(Beginning of RECORDS FOR THE TASK)

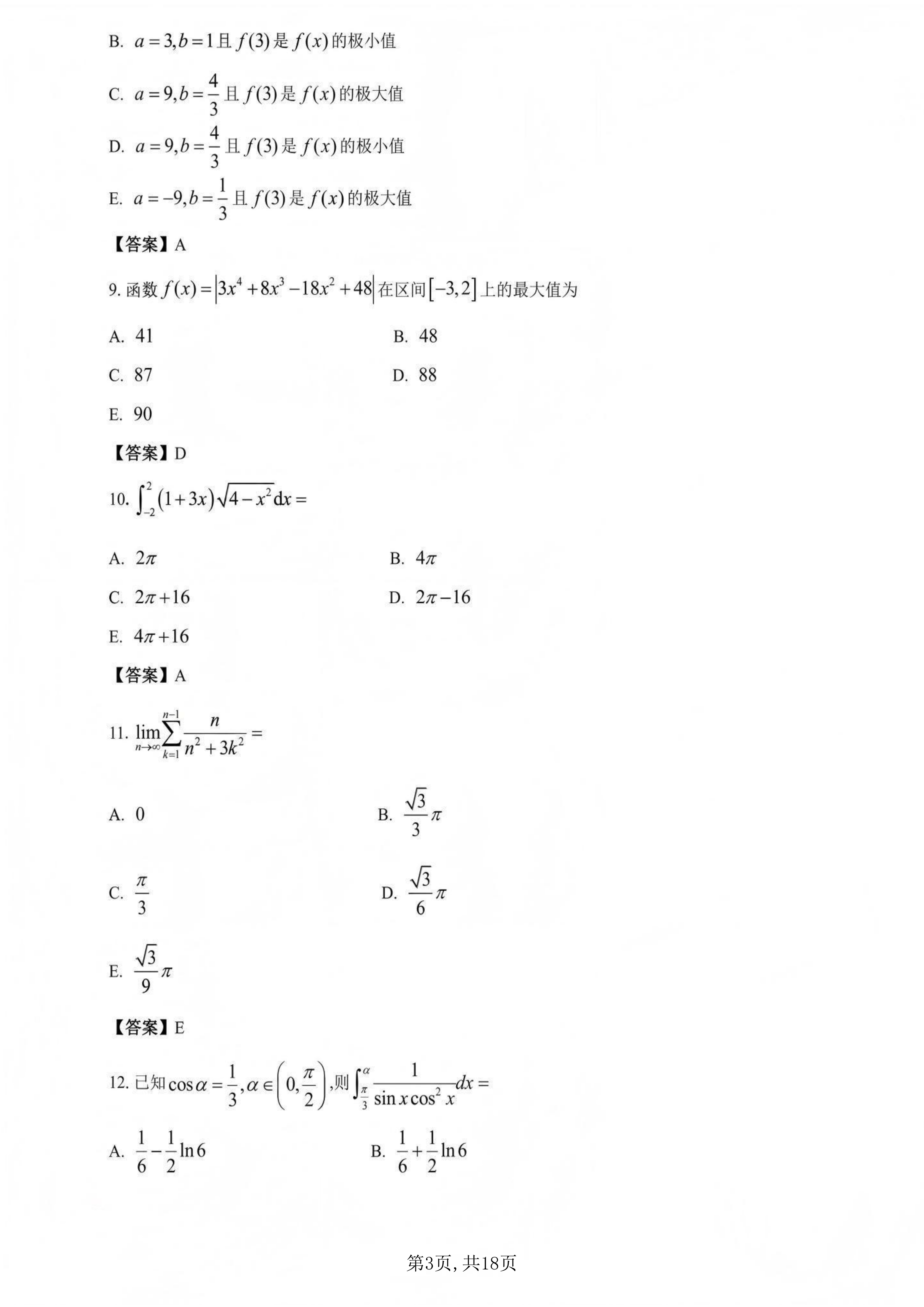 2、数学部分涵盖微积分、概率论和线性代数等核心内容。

(End of RECORDS FOR THE TASK)
(Beginning of RECORDS FOR THE TASK)

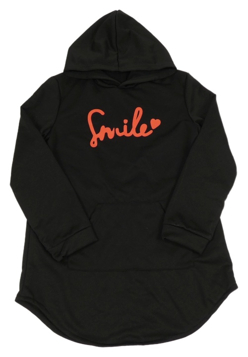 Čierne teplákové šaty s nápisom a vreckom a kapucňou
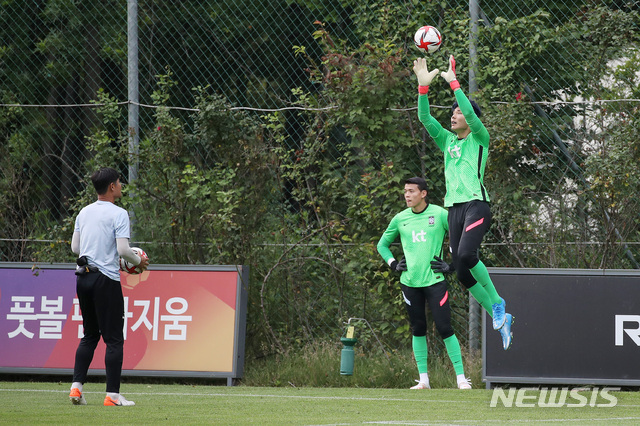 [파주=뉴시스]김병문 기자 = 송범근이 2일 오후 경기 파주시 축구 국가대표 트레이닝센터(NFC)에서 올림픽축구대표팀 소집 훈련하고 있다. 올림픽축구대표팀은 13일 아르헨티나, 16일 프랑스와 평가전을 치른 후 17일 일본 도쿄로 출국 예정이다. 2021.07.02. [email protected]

(End of RECORDS FOR THE TASK)

Only the lines above from the one containing "Čierne teplákové šaty" through the one containing "[파주=뉴시스]김병문 기자 = 송범근이" should be returned, verbatim and inclusive, with pictures excluded.

### THE ANSWER
 Čierne teplákové šaty s nápisom a vreckom a kapucňou
 [파주=뉴시스]김병문 기자 = 송범근이 2일 오후 경기 파주시 축구 국가대표 트레이닝센터(NFC)에서 올림픽축구대표팀 소집 훈련하고 있다. 올림픽축구대표팀은 13일 아르헨티나, 16일 프랑스와 평가전을 치른 후 17일 일본 도쿄로 출국 예정이다. 2021.07.02. [email protected]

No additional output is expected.